Oxford saw five members of their 1997 crew return, while Cambridge welcomed back two in Brad Crombie and Alex Story. Two German world champions rowed for Cambridge: Stefan Forster and Marc Weber won gold in the men's eight at the 1995 World Rowing Championships.

| Seat | Oxford |  |  | Cambridge |  |  |
| Name | College | Weight | Name | College | Weight |
| Bow | Charlie P A Humphreys | Oriel | 12 st 11 lb | Graham Smith | St Edmund's College | 14 st 7 lb |
| 2 | James B Roycroft | Keble | 13 st 6 lb | Paul A Cunningham | Gonville and Caius | 13 st 6 lb |
| 3 | Jurgen Hecht | Keble | 14 st 11 lb | Jonathan G Bull | Emmanuel | 16 st 1 lb |
| 4 | Henrik K Nilsson | Hertford | 14 st 1 lb | Brad Crombie | Peterhouse | 14 st 10 lb |
| 5 | E R Coode | Keble | 14 st 6 lb | Toby J Wallace | Jesus | 14 st 12 lb |
| 6 | A J R Lindsay (P) | Brasenose | 14 st 7 lb | A Story | St Edmund's | 15 st 12 lb |
| 7 | Paul A Berger | Lincoln | 14 st 5 lb | S F Forster | Peterhouse | 16 st 2 lb |
| Stroke | Nick J Robinson | Lincoln | 13 st 7 lb | M Weber | St Edmund's College | 13 st 11 lb |
| Cox | P A Greaney | St Edmund Hall | 8 st 8 lb | A J Potts | Trinity Hall | 8 st 5 lb |
Source: (P) – boat club president

==Race==

The Championship Course along which the Boat Race is contested

Cambridge were pre-race favourite for the sixth consecutive year. Oxford won the toss and elected to start from the Middlesex station, only the eighth time such a decision has been made since 1945. The river conditions were described as "smooth". Despite holding a brief early lead, a series of blade clashes disrupted Oxford and Cambridge's cox Potts called for a push which saw his boat pass the Mile Post with a canvas' lead. At Hammersmith Bridge, by which time Umpire Mike Sweeney had issued fifty separate warnings to the crews, Cambridge were a length ahead and stretched away to win by three lengths in a record time of 16 minutes 19 seconds, 26 seconds quicker than the previous best time set by Oxford in the 1984 race. Cambridge beat the existing course record by 26 seconds, while Oxford finished 9 seconds behind them.

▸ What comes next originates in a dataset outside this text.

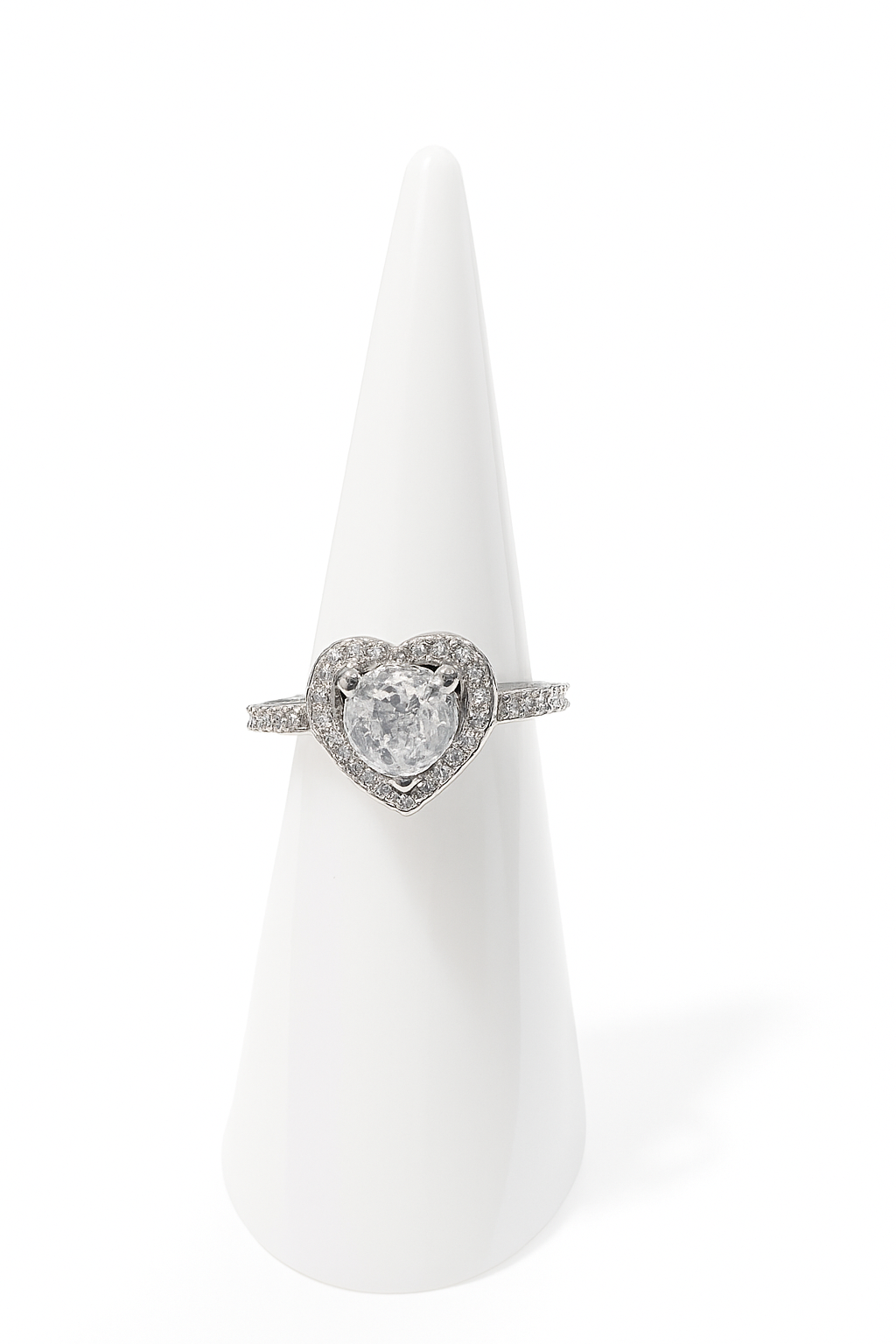 Elegant adjustable ring featuring a sparkling heart-shaped zircon stone surrounded by a delicate halo. Perfect for everyday elegance or special occasions.

In the reserve race, Oxford's Isis beat Cambridge's Goldie by 2 1/2 lengths, their first victory in nine years, and in a time of 17 minutes 2 seconds which equalled the 1996 record. Cambridge won the 50th Women's Boat Race by 1 1/4 lengths in a time of 6 minutes and 25 seconds, their seventh consecutive victory.

==Reaction==
Weber remarked "we practised our pushes and made them really effective." Oxford's president Lindsay conceded "Cambridge had that extra gear to increase their base for short times. It demolished us." His stroke, Nick Robinson, commented: "It was going pretty well until the clash, but they came out better than we did." Umpire Mike Sweeney was unperturbed: "They were both fighting for the same water. That is not a question of disqualification." Cambridge's Story said his crew were confident before the race: "We were never in doubt that we would win" and despite the record time, he remarked "We can row a lot better than that."